What to do:
Repeat the data exactly, leaving out any image.

Provided material:
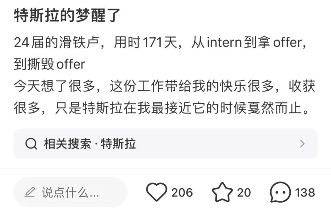还没就业先被“裁”,这样的事情魔幻的发生在了2024应届生身上。在4月末,网络中传出特斯拉收回应届生offer的消息,相关词条还登上社交平台热搜榜。虽然特斯拉针对此事还没有回应,但在小红书等社交媒体上,**有不少应届生透露,大规模取消offer的情况确实存在。
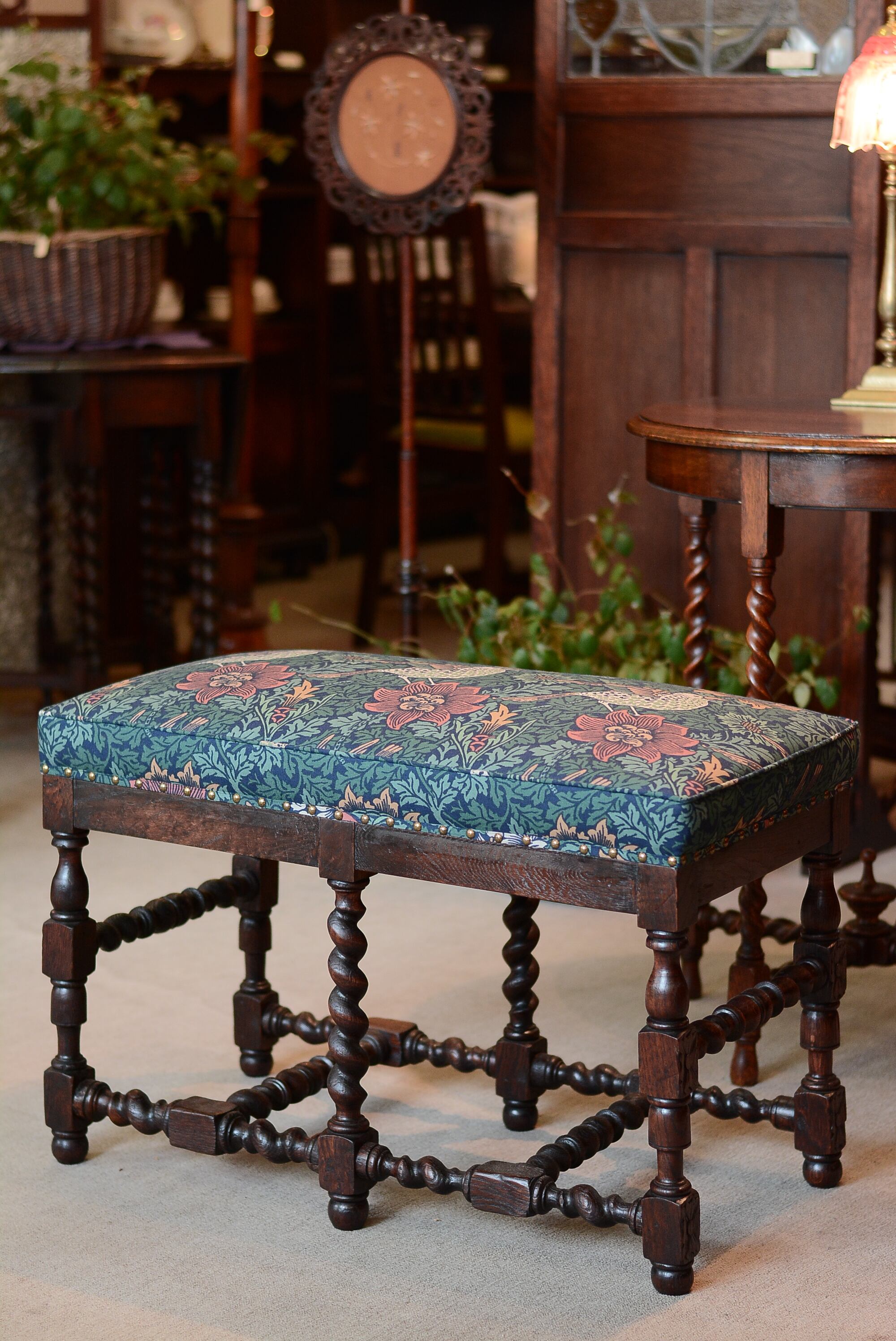 241a800《スツール》アンティークスツール ウイリアムモリスのスツール ツイストレッグ バードアンドアネモネで張替え済み 綺麗なアンティーク家具
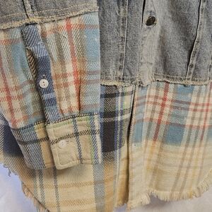 Two-in-one, this classic denim jacket features a washed plaid trim giving off that perfect layered look, built in!

Task response:
还没就业先被“裁”,这样的事情魔幻的发生在了2024应届生身上。在4月末,网络中传出特斯拉收回应届生offer的消息,相关词条还登上社交平台热搜榜。虽然特斯拉针对此事还没有回应,但在小红书等社交媒体上,**有不少应届生透露,大规模取消offer的情况确实存在。
 241a800《スツール》アンティークスツール ウイリアムモリスのスツール ツイストレッグ バードアンドアネモネで張替え済み 綺麗なアンティーク家具
 Two-in-one, this classic denim jacket features a washed plaid trim giving off that perfect layered look, built in!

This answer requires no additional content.